I am not sure you are arguing against my claims or not :)
I am not arguing against surrogate keys in general. They are obviously very useful _internally_ to introduce a level of indirection. But if they are used _internally_ then it doesn't really matter if they are UUIDs or sequence numbers or whatever - it is just an implementation detail.
What I claim is that surrogate keys are problematic as _externally visible_ identifiers.
> Okay, then lets do an exercise here. A user gives you a transaction ID, and you have to tell them the date they signed up and the date you first billed them. I think yours is going to be way more complicated.

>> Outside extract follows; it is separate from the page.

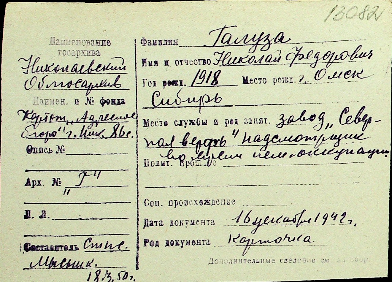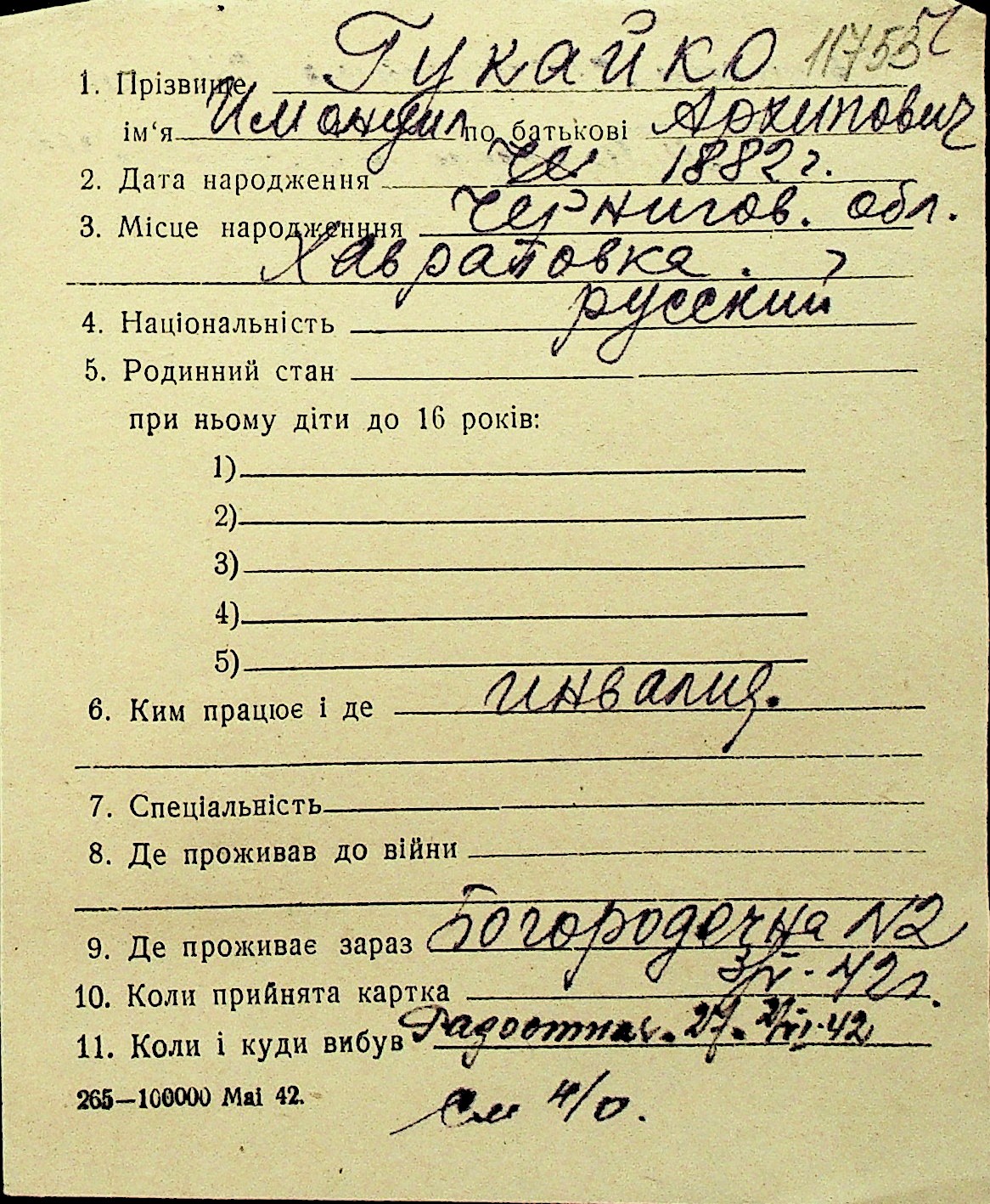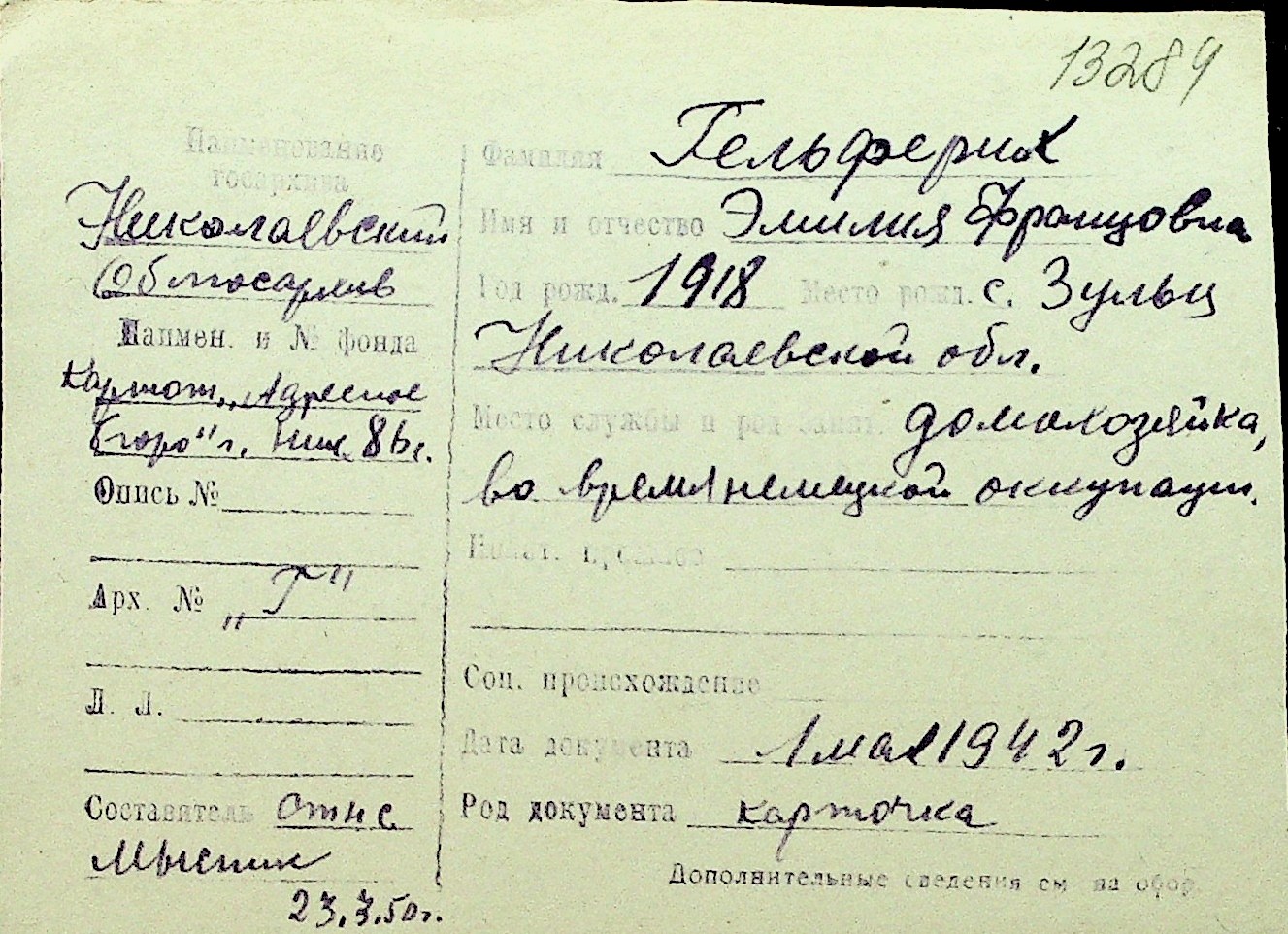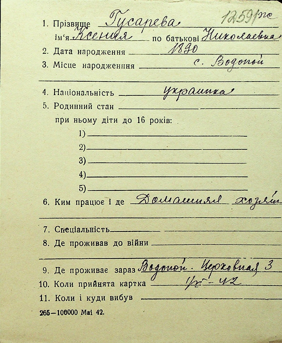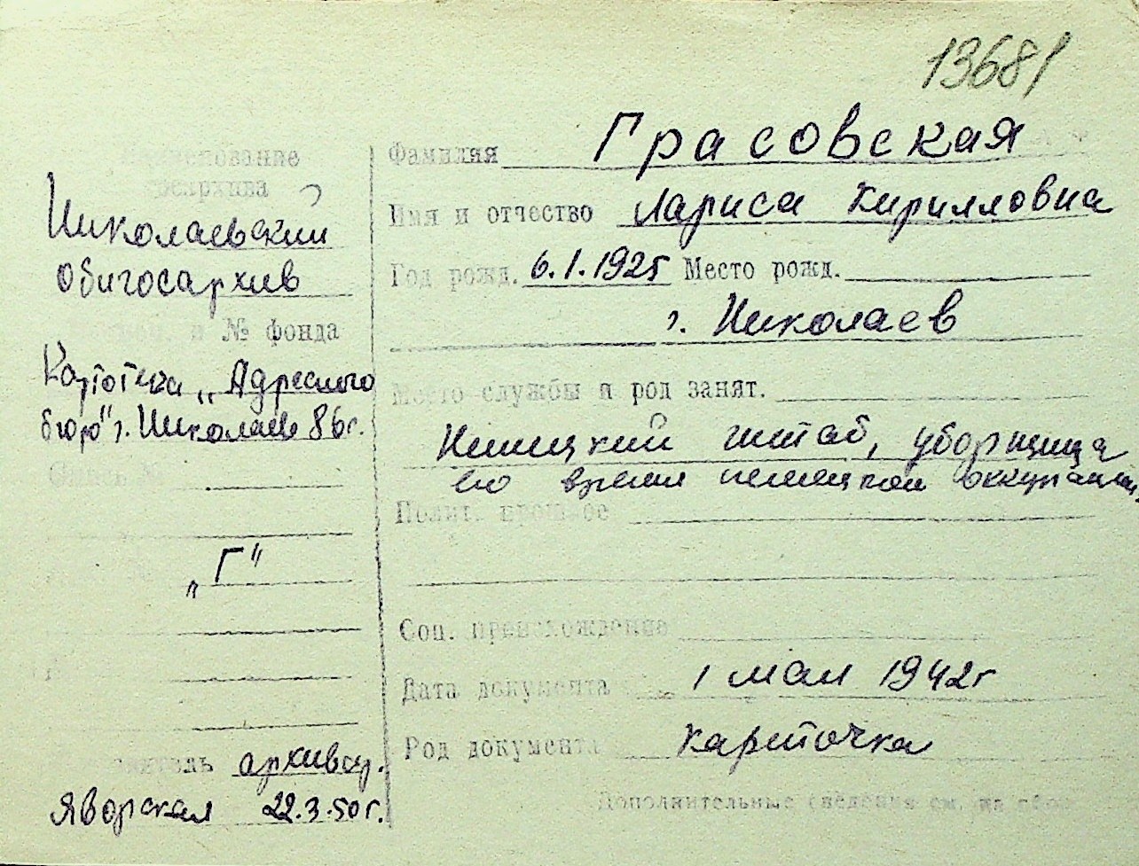 • • Перелік карток до фонду № Н-1016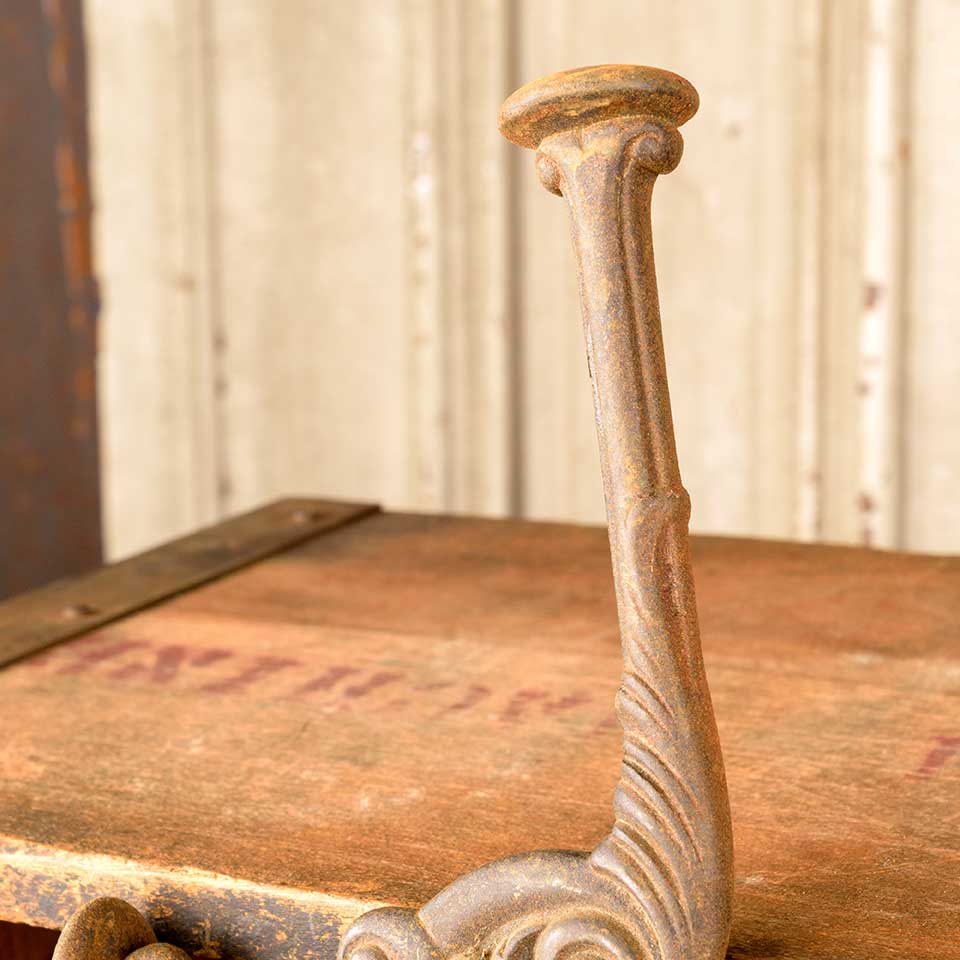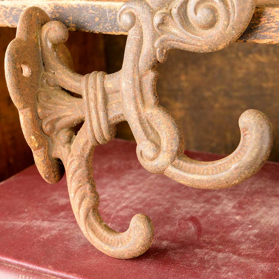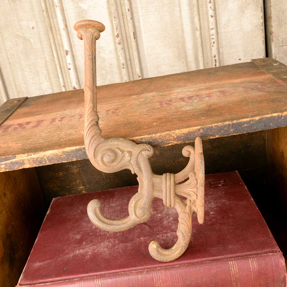 Architectural salvage large ornate antique cast iron hat and coat hook measuring approx. 1 3/4" wide x 7 3/4" tall x 4 " front to back. Color and condition may vary.

> Mine is just something like:
> SELECT user_id FROM transactions WHERE transaction_id=X; SELECT transaction_date FROM transactions WHERE user_id=Y ORDER BY transaction_date ASC LIMIT 1; SELECT signup_date FROM users WHERE user_id=Y;
I think you are missing the actual problem I am talking about: where does the user take the transaction ID from? Do you expect the users to remember all transaction IDs your system ever generated for them? How would they know which transaction ID to ask about? Are they expected to keep some metadata that would allow them to identify transaction IDs? But if there is metadata that enables identification of transaction IDs then why not use it instead of transaction ID in the first place?